What are your biggest opportunities & challenges for the next 12-24 months?
Our biggest opportunity today is to change the way marketers think about marketing — which doesn’t happen very often. It’s a once-in-a-generation opportunity. We’re trying to shift away from marketing at consumers, to communication with them. The reason we can do this today is because of the data that we can now collect on consumers — with their permission — is more granular than ever. Once personal communication begins to take hold in the mainstream, marketing will never be the same. The challenges will be on marketers to catch up and master this new approach before their competitors do.
What keeps your clients up at night?
Again, no one wants to fall behind. The world is rapidly changing and innovating, and there are new demands on marketers to keep abreast of the new technologies that might hurt them (for example, ad blocking) and the new technologies that can help them — for example, communication automation, the technology that my company has pioneered.
What’s the hardest thing to educate a client about?
I would frame the question in a different way and ask, “What’s the one thing our clients really need to learn?” The answer: marketers need to think of automation technology as a strategic capability, not a tactical tool. The number one asset for company is its brand, so it’s natural that CMOs — the people I speak with every day — prioritize their work around creating the brand experience, protecting the brand experience, and extending the many ways that brand experience can be shared. What many CMOs today don’t know is that communication automation gives them ability to create branded experiences for their customers — experiences that compel customers to buy, to return, and, yes, to refer others, the key to viral growth — in a personalized and scalable way. This is the reason why automation is such a hot technology category. It’s not at the bottom (tactical) of the marketing tech food chain, but at the very top (strategic).

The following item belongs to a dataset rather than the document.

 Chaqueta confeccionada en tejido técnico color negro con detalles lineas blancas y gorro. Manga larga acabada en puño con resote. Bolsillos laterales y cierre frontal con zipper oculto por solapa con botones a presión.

What are some of the unmet needs in the marketing technology landscape?
I would say that it’s not so much what’s missing, but more about educating marketers about what’s already there. As William Gibson said in another context, “the future is already here — it’s just not very evenly distributed.”

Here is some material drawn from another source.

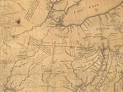 Later that year, St. Clair assembled a large force of regulars, six-month levies, and Kentucky militia at Fort Washington (now Cinncinati) on the Ohio River. Accompanied by a long baggage train, eight artillery pieces, teamsters, packhorse drivers, and some women and children, St. Clair's army proceeded slowly northwards towards the large Miami settlement of Kekionga. On 3 November, they encamped deep in Indigenous controlled territory alongside the Wabash River. No field fortifications were constructed and the river separated the militia from the regulars and levies.[66] Indigenous scouts tracked the movement of St. Clair's army, and more than a thousand Shawnee, Miami, Lenape, Wyandot, Odawa, Potawatomis, and Ojibwe warriors gathered to meet them. The warriors were led by Blue Jacket of the Shawnee and Little Turtle and the Miami. The Wyandot chose Girty to lead their contingent.[67]

What social network do you anticipate accelerating growth in the next year?
I have to say that Facebook continues to impress. It was only a couple of weeks ago they announced that 1 billion users from its 1.5 billion active accounts signed in on one single day. That’s one out of seven of all people on earth. But what’s less known is the art and science that Facebook has long applied to growing its phenomenal user base.
My CEO, Adam Marchick, was part of the original Facebook growth team, and he helped bring some of that art and science into the Kahuna platform. So, let me answer the question this way. The “social network” I anticipate accelerating growth in the next year may very well be your company’s own social network with the help of communication automation.